■ EXERCISE AIM ■
Copy only the lines from the one with "Experience the magic" through the end of the records, exactly as they stand. No pictures belong in the copy.

■ INPUT FOR THIS TASK ■
########################################

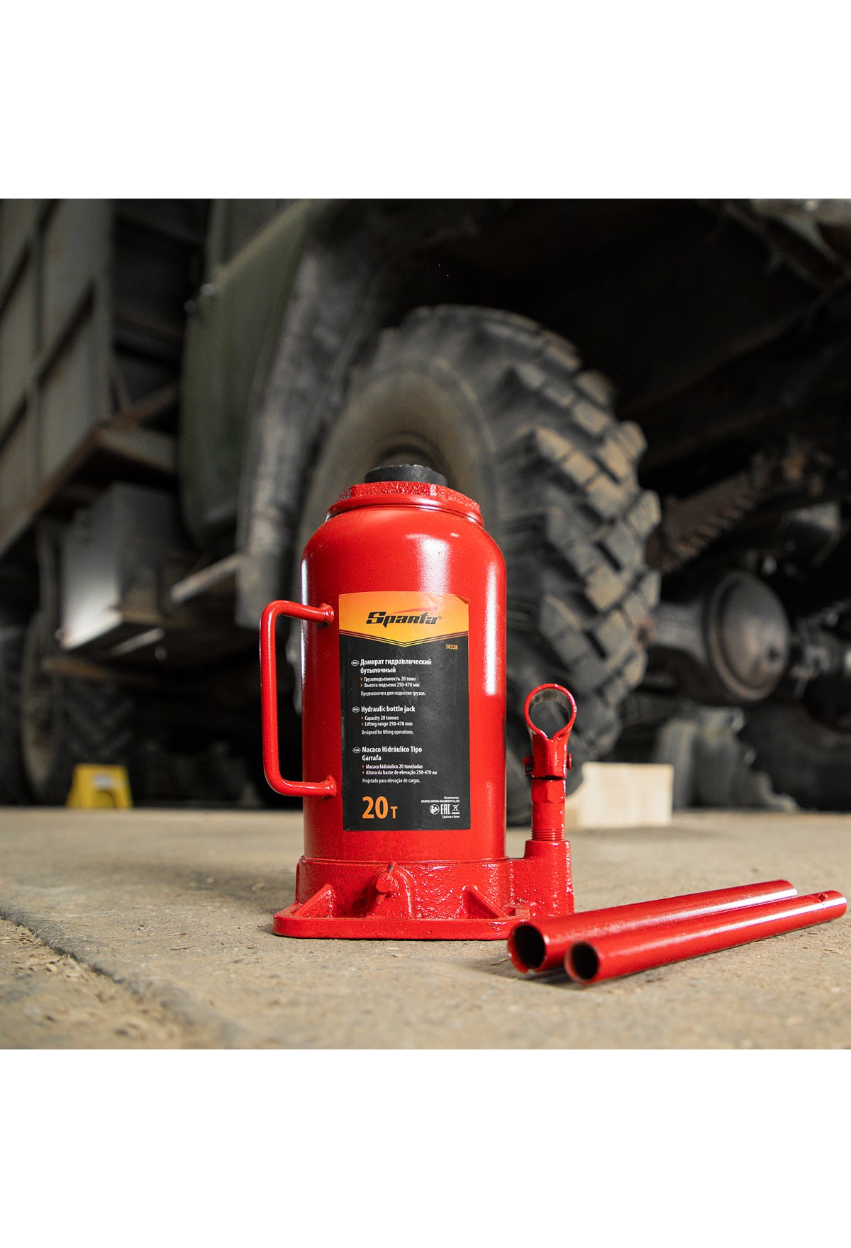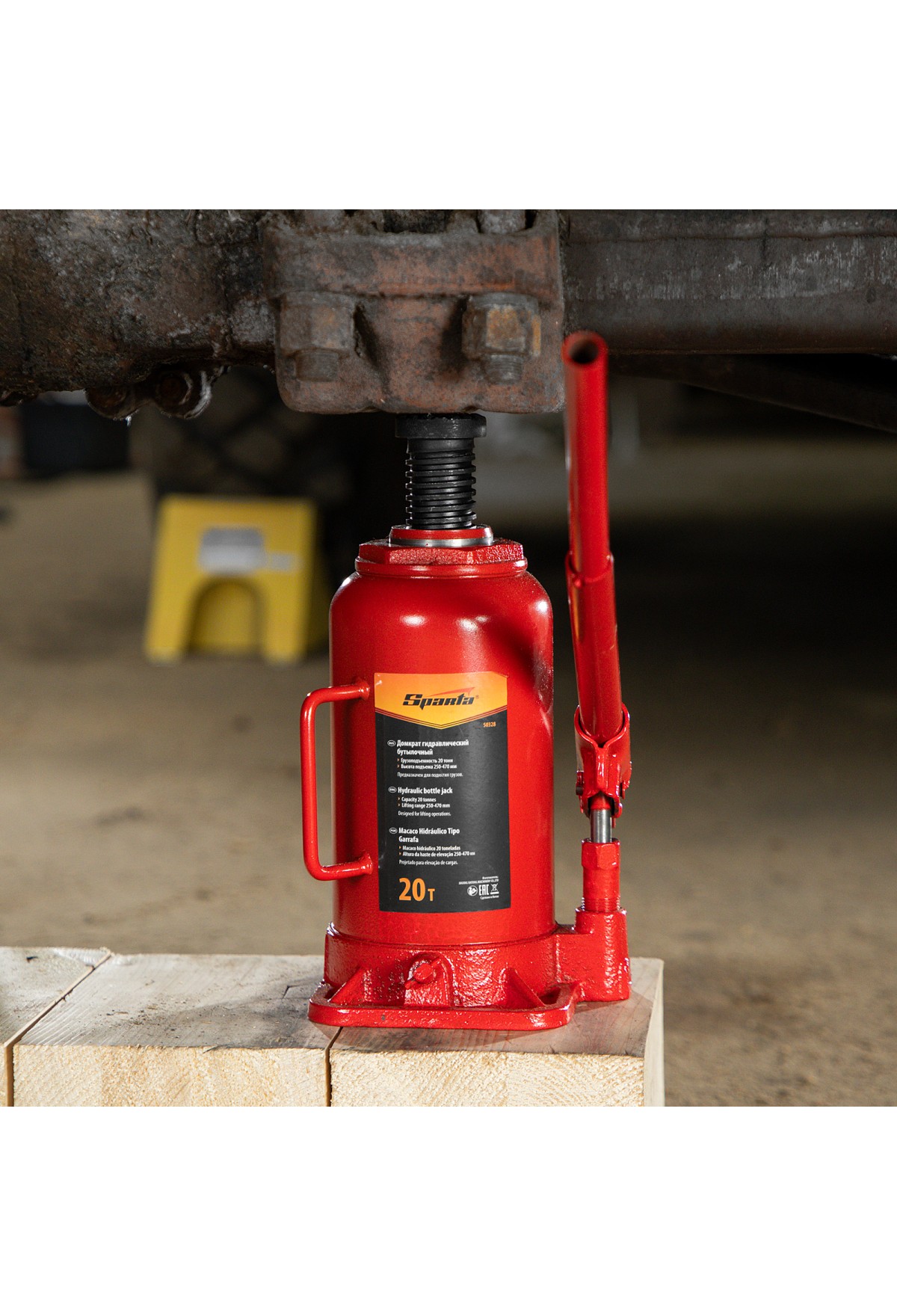 Домкрат гидравлический бутылочный, 20 т, h подъема 250-470 мм Sparta
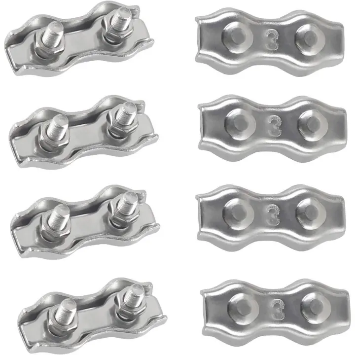 Abrazadera dúplex M3 para cable de acero - Abrazadera resistente de acero inoxidable 304 - Abrazadera para cable de 3 mm - Para cable de acero - Tendedero - Gazebo fijo - Toldo colgante (M3 - Paquete de 8 - Plateado)
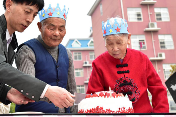 与老人互动
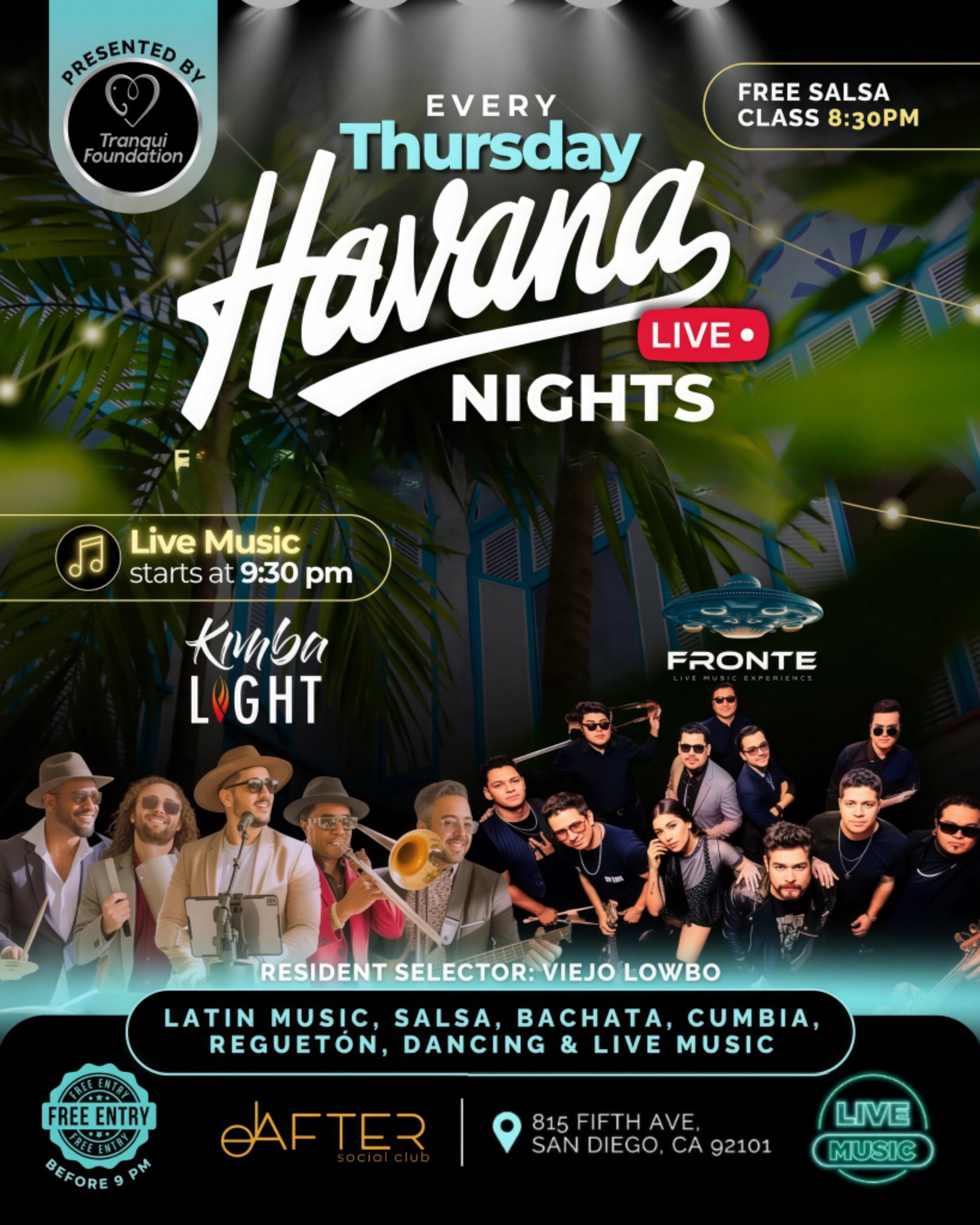 Experience the magic of Cuba with two electrifying live bands — Kimba Light and Fonte — bringing the rhythms of salsa, timba, and son cubano straight to San Diego.
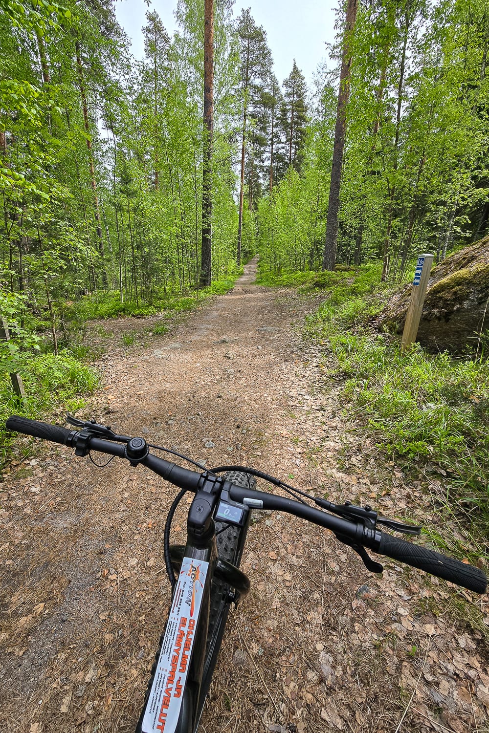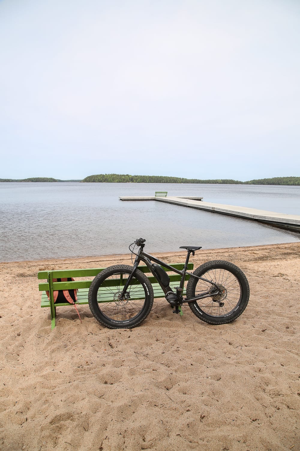 Itse buukkasin tunniksi E-fatbiken ja lähdin tutkimaan lähitienoon metsäpolkuja. Ensin tuli valittua turhankin vaativa reitti, jossa lällärinä taluttelin jyrkimmät osuudet. Lopulta päädyin ajelemaan tasaisempia metsäpolkuja Imatran Ukonniemeen ja löysin pettämättömällä suuntavaistollani vahingossa Lempukan uimarannan.
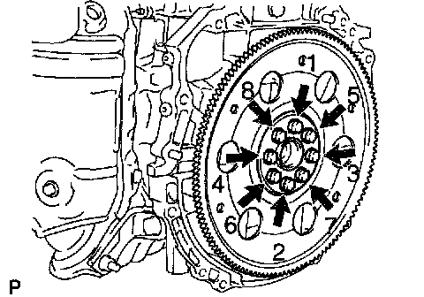 a. Fix the crank shaft, and install the 6 set bolts.

########################################

■ ANSWER SPACE ■
 Experience the magic of Cuba with two electrifying live bands — Kimba Light and Fonte — bringing the rhythms of salsa, timba, and son cubano straight to San Diego.
 Itse buukkasin tunniksi E-fatbiken ja lähdin tutkimaan lähitienoon metsäpolkuja. Ensin tuli valittua turhankin vaativa reitti, jossa lällärinä taluttelin jyrkimmät osuudet. Lopulta päädyin ajelemaan tasaisempia metsäpolkuja Imatran Ukonniemeen ja löysin pettämättömällä suuntavaistollani vahingossa Lempukan uimarannan.
 a. Fix the crank shaft, and install the 6 set bolts.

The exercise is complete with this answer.